This question is related to c# .net text encoding globalization

The answer is


You can't detect the codepage, you need to be told it. You can analyse the bytes and guess it, but that can give some bizarre (sometimes amusing) results. I can't find it now, but I'm sure Notepad can be tricked into displaying English text in Chinese.

Anyway, this is what you need to read: The Absolute Minimum Every Software Developer Absolutely, Positively Must Know About Unicode and Character Sets (No Excuses!).

Specifically Joel says:

The Single Most Important Fact About Encodings

If you completely forget everything I just explained, please remember one extremely important fact.

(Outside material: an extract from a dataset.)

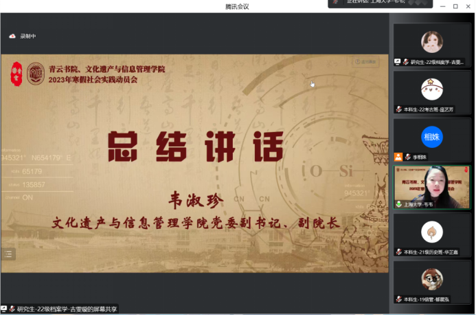 公司党委副书记、副经理韦淑珍为本次动员会进行总结讲话。她对四位负责人的精彩分享和优秀成果表示肯定和感谢,并鼓励同学们积极参与课外社会实践,多聚焦于社会热点,结合自身的专业特色,选择恰当主题,通过实践为之后的学术研究、联合大作业等铺路。她提出五点建议:一是聚焦热点话题,培养问题意识,结合红色文化传承等社会热点进行社会实践选题;二是充分重视社会实践后续的总结工作,丰富和创新呈现形式;三是拓宽传播渠道,利用公司、公司公众号宣传资源;四是鼓励跨学科的社会实践,在跨学科中激发学科合作优势;五是要守牢安全底线,将安全放在首位,对此公司会加强与其他公司的联动开展,支持和保障员工的社会实践。最后她对2023年的社会实践进行展望,希望优秀的社会实践项目能不断涌现。(供稿:李相姝、胡可然、金子微;撰稿:黄育欣)

It does not make sense to have a string without knowing what encoding it uses. You can no longer stick your head in the sand and pretend that "plain" text is ASCII. There Ain't No Such Thing As Plain Text.

If you have a string, in memory, in a file, or in an email message, you have to know what encoding it is in or you cannot interpret it or display it to users correctly.


If you're looking to detect non-UTF encodings (i.e. no BOM), you're basically down to heuristics and statistical analysis of the text. You might want to take a look at the Mozilla paper on universal charset detection (same link, with better formatting via Wayback Machine).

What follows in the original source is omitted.